I am currently in the process of winding up and retiring out of my main business, which will leave some premises vacant that I'm in no hurry to sell.

As a retirement job, to give me a reason to get out of bed each morning, I'm looking at the possibility of using these premises to do a little small scale commercial brewing. Cask ales only, nothing too exotic.

However I'm in no hurry to run before I walk, and want to get my head round the weirder bits of the craft, especially where the published texts seem to contradict each other.
 
Personally I've solved the yeast starter conundrum by never bothering with one! :D
 
Sounds like a good project! I would assume the modern methods are the result of experience and experiment, whereas the old methods just worked because yeast will grow in lots of different conditions.

You can still brew commercially with dried yeast, you don’t have to run a yeast lab.
 
Personally I've solved the yeast starter conundrum by never bothering with one! :D
me too! yeast is cheap enough and if you were brewing alot you'd just harvest yeast/trub directly from the previous brew.

Though when I have done starters in the past I seem to have read that the ideal gravity wort is around the 1.040 level...just goes to show that alot of these rules are more guidelines than rules.
 
Fair question.

I live in an English village about half an hour's drive south of Cambridge. Ten years ago my local pub was facing closure, so I bought it. When in need of ale I need only wander over and undertake some quality control.

I am currently in the process of winding up and retiring out of my main business, which will leave some premises vacant that I'm in no hurry to sell.

As a retirement job, to give me a reason to get out of bed each morning, I'm looking at the possibility of using these premises to do a little small scale commercial brewing. Cask ales only, nothing too exotic.

However I'm in no hurry to run before I walk, and want to get my head round the weirder bits of the craft, especially where the published texts seem to contradict each other.

That sounds like you have a customer fur the casks. Good show.

It would be interesting to discuss the volumes.
 
Most smaller commercial brewers start with dried yeast.
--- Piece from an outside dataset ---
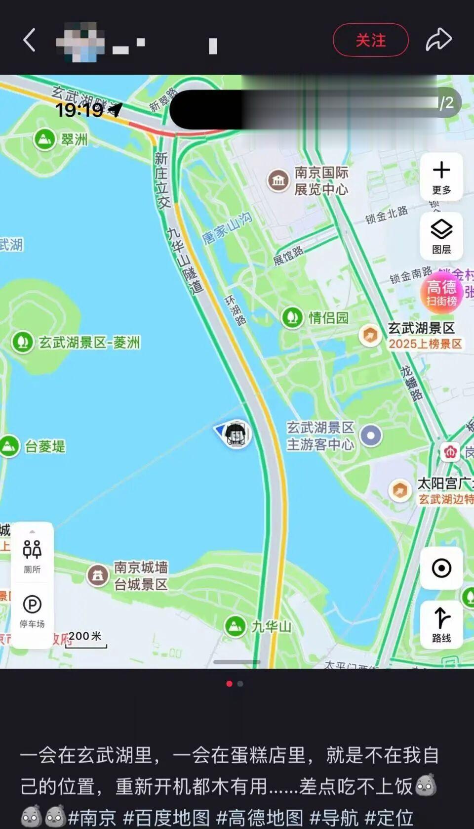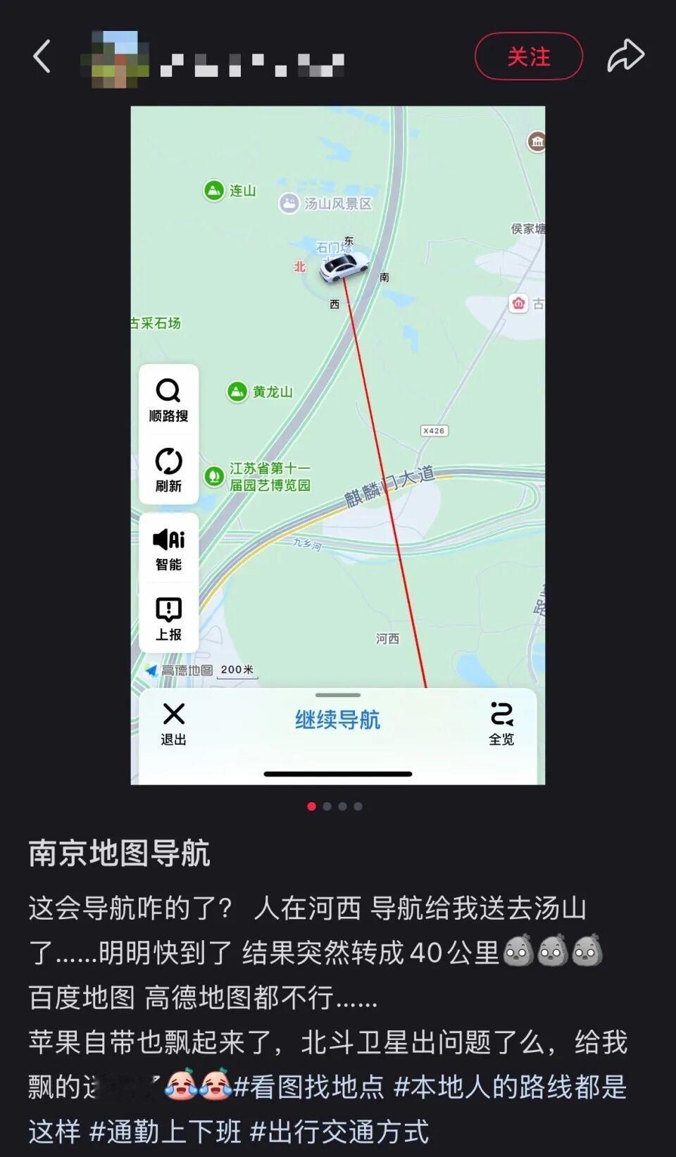 有网友反映,“导航崩溃了,一会儿显示在秦淮,一会儿显示在鼓楼。”也有网友表示,“人在河西,导航给我送去汤山了,明明快到了,结果突然转成40km,百度地图、高德地图都不行,苹果自带的也飘了起来。”另有网友反映,“人在江心洲家里,已经跑玄武湖里面去了。”
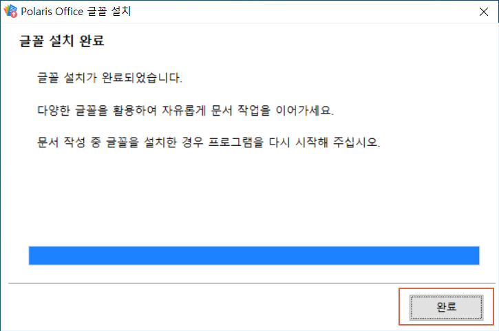 * 만약 저장 공간이 부족하시다면 <글꼴 추가 설치하기>는 체크해제하고 완료를 누르셔도 됩니다.

Simply because you can buy bricks of it easily to give you the cell count and you don't need to do starters or oxygenate.

For wet yeast you'd tend to buy a pitch of yeast from a commercial supplier, use that and then keep cropping and repitching from batch to batch. That's why many breweries only have one house yeast.

Otherwise you're looking at a 4-5 litre starter per barrel, and you need to figure out how to oxygenate it both during the starter and when pitched.